_Task to complete_.
Copy the lines below as they are; omit the images they contain.

_Given material_.
━━━━━━
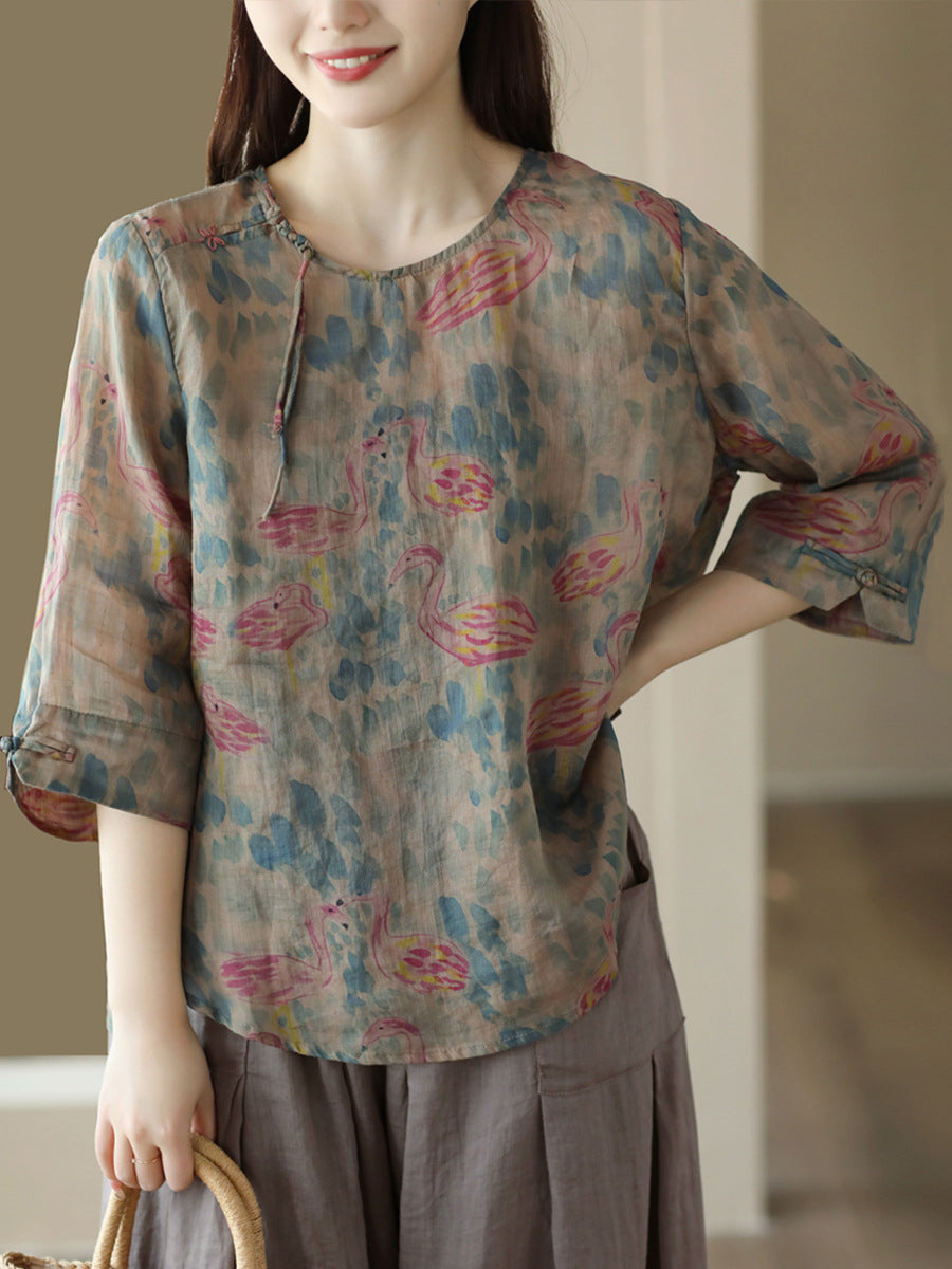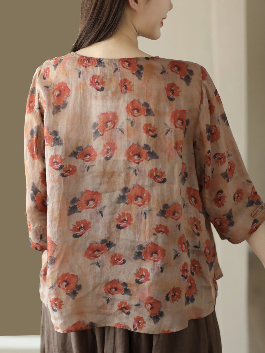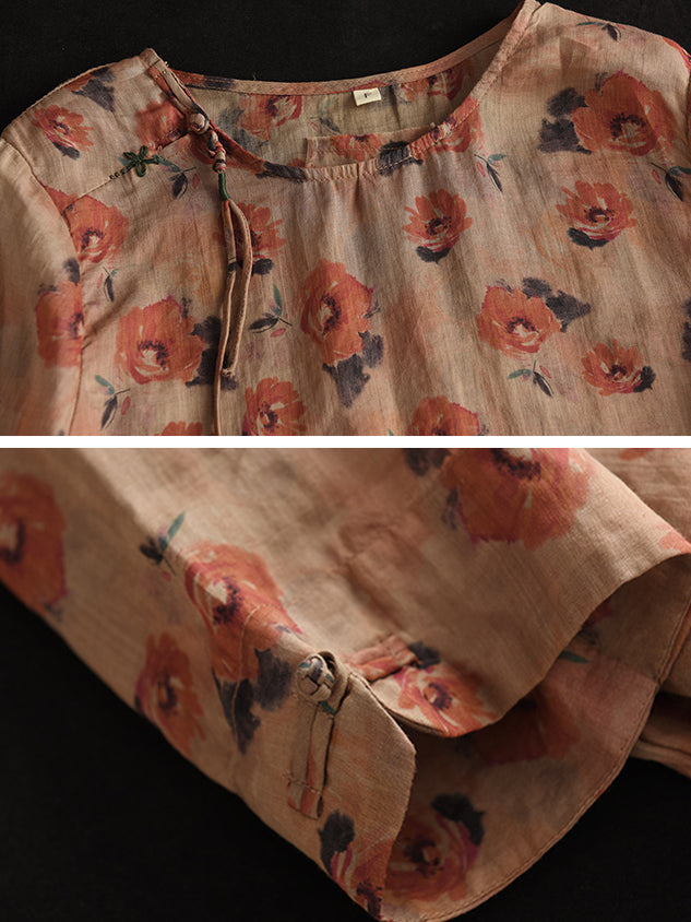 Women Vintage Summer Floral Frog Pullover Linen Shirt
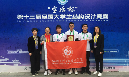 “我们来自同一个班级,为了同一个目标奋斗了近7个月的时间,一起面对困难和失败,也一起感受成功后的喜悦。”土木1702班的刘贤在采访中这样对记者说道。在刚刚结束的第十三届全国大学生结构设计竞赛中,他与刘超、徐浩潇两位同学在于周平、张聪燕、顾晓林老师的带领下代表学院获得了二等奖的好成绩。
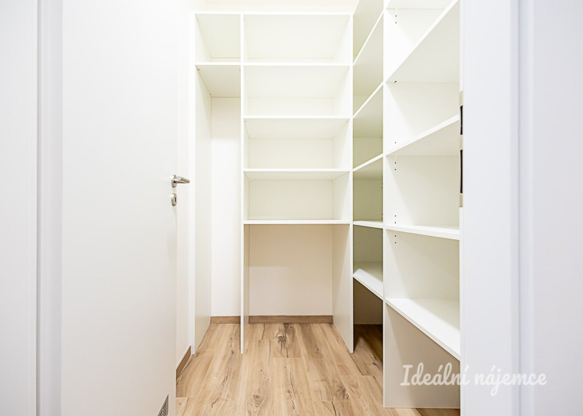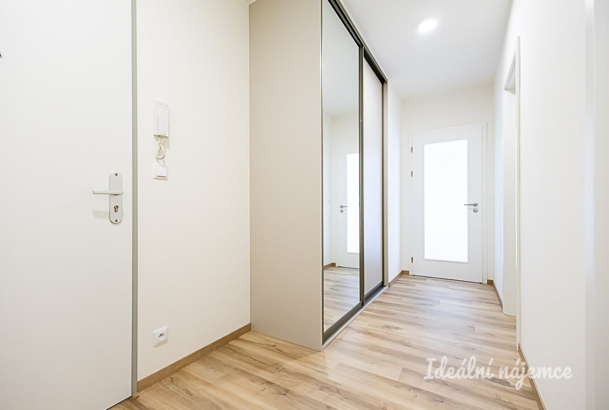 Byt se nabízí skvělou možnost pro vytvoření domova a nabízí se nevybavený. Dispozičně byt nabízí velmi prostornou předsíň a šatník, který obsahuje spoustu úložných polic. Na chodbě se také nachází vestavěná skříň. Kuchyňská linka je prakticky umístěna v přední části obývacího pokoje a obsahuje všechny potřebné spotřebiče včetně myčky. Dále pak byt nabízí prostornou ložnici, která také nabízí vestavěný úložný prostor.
━━━━━━
_Reply to the task_.
 Women Vintage Summer Floral Frog Pullover Linen Shirt
 “我们来自同一个班级,为了同一个目标奋斗了近7个月的时间,一起面对困难和失败,也一起感受成功后的喜悦。”土木1702班的刘贤在采访中这样对记者说道。在刚刚结束的第十三届全国大学生结构设计竞赛中,他与刘超、徐浩潇两位同学在于周平、张聪燕、顾晓林老师的带领下代表学院获得了二等奖的好成绩。
 Byt se nabízí skvělou možnost pro vytvoření domova a nabízí se nevybavený. Dispozičně byt nabízí velmi prostornou předsíň a šatník, který obsahuje spoustu úložných polic. Na chodbě se také nachází vestavěná skříň. Kuchyňská linka je prakticky umístěna v přední části obývacího pokoje a obsahuje všechny potřebné spotřebiče včetně myčky. Dále pak byt nabízí prostornou ložnici, která také nabízí vestavěný úložný prostor.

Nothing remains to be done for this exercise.